A sei mesi dall’inizio del cosiddetto “cessate il fuoco” nella Striscia di Gaza, migliaia di famiglie non possono ancora seppellire i propri cari.

Rimangono dispersi circa 10.000 palestinesi, che si ritiene siano sepolti sotto gli edifici crollati dall’inizio della guerra genocida di Israele contro Gaza nell’ottobre 2023.

Il 10 ottobre dello scorso anno è stato firmato un accordo mediato a livello internazionale tra Israele e Hamas, con l’obiettivo di porre fine al conflitto.

Eppure per molti, il la guerra non è finita.

Le Nazioni Unite affermano che i bombardamenti israeliani hanno generato più di 61 milioni di tonnellate di macerie nella Striscia assediata e martoriata, lasciando sepolte intere comunità.

Hind Khoudary di Al Jazeera ha parlato con un padre palestinese nel campo profughi di Bureij, nel centro di Gaza.

Abu Mohammed è sopravvissuto a un attacco israeliano dopo che i soccorritori lo hanno tirato fuori da sotto le macerie.

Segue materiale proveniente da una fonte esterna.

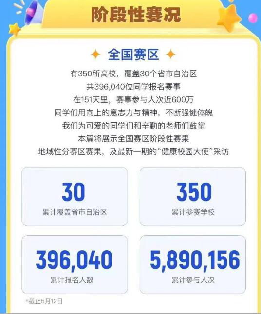 中国老员工体育协会与阿里体育联合主办的“中国老员工健康校园大赛暨AI体能赛”,于2021年12月13日-2022年6月5日分两个阶段在全国展开。此举意在深入贯彻落实《关于深化体教融合促进青少年健康发展的意见》文件精神,增强老员工体质,开展面向人人的体育赛事活动,培养老员工的日常体能锻炼习惯。截止到目前,有来自全国354所高校的40余万名老员工参加。
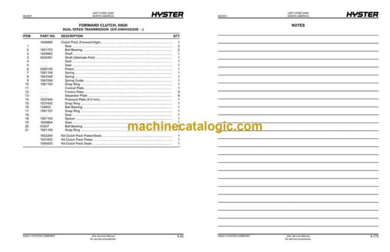 MAIN LIFT CYLINDER TWO STAGE LIMITED FREE-LIFT – S100-120FT

Quattro dei suoi figli no.

Da allora vive accanto alle rovine della sua casa, dove i loro corpi rimangono intrappolati.

Riuscì a seppellire sua moglie, sua madre e uno dei suoi figli. Il resto è ancora sotto le macerie.

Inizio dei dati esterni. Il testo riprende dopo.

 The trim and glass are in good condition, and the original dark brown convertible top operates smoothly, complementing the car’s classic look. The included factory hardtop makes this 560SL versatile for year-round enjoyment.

“Sono tre anni che provo a recuperare i miei figli, ma queste sono enormi lastre di cemento. Non c’è modo di farlo, nemmeno con un escavatore. Ciò richiede attrezzature pesanti”, ha detto Abu Mohammed. “Come posso farlo da solo?”

Ha detto di aver chiamato più volte le squadre della protezione civile, ma nessuno è venuto ad aiutarlo.

Due dei suoi figli sopravvissuti si trovano al Cairo, nel vicino Egitto, e ricevono cure mediche da soli, senza genitori.

Quasi nessun cambiamento

Il cessate il fuoco avrebbe dovuto consentire l’ingresso di macchinari pesanti a Gaza per avviare gli sforzi di recupero e riunire le famiglie. Mesi dopo, ciò non è accaduto.

“Niente è entrato a Gaza tranne l’equipaggiamento limitato portato ai comitati egiziani e alla squadra della Mezzaluna Rossa per recuperare i prigionieri israeliani”, ha detto ad Al Jazeera Mahmoud Basal, portavoce della difesa civile di Gaza.

“Una volta recuperati quei corpi, il fascicolo è stato chiuso.”

In tutta Gaza, migliaia rimangono sepolti. In un solo condominio a Bureij, almeno 50 corpi sono ancora intrappolati sotto le macerie, intatti dall’ottobre 2023.

A sei mesi dall’inizio del cessate il fuoco, le condizioni sul campo sono appena cambiate. Le famiglie continuano ad aspettare poiché i corpi non sono ancora stati recuperati; nel frattempo, gli attacchi israeliani continuano.

Giovedì, le forze israeliane hanno sparato e ucciso una giovane studentessa mentre frequentava una lezione in una tenda a Beit Lahiya, nel nord di Gaza, secondo funzionari sanitari e educativi.

Nonostante il cessate il fuoco, Israele occupa ancora più della metà della Striscia di Gaza. Ha raso al suolo la maggior parte degli edifici in queste aree e costretto i residenti ad andarsene.

Da quando è entrato in vigore il cessate il fuoco, almeno 738 persone sono state uccise e 2.036 ferite. Le autorità hanno recuperato 759 corpi dalle macerie.

Il genocidio di Israele a Gaza ha ucciso più di 72.317 palestinesi e ne ha feriti almeno altri 172.158.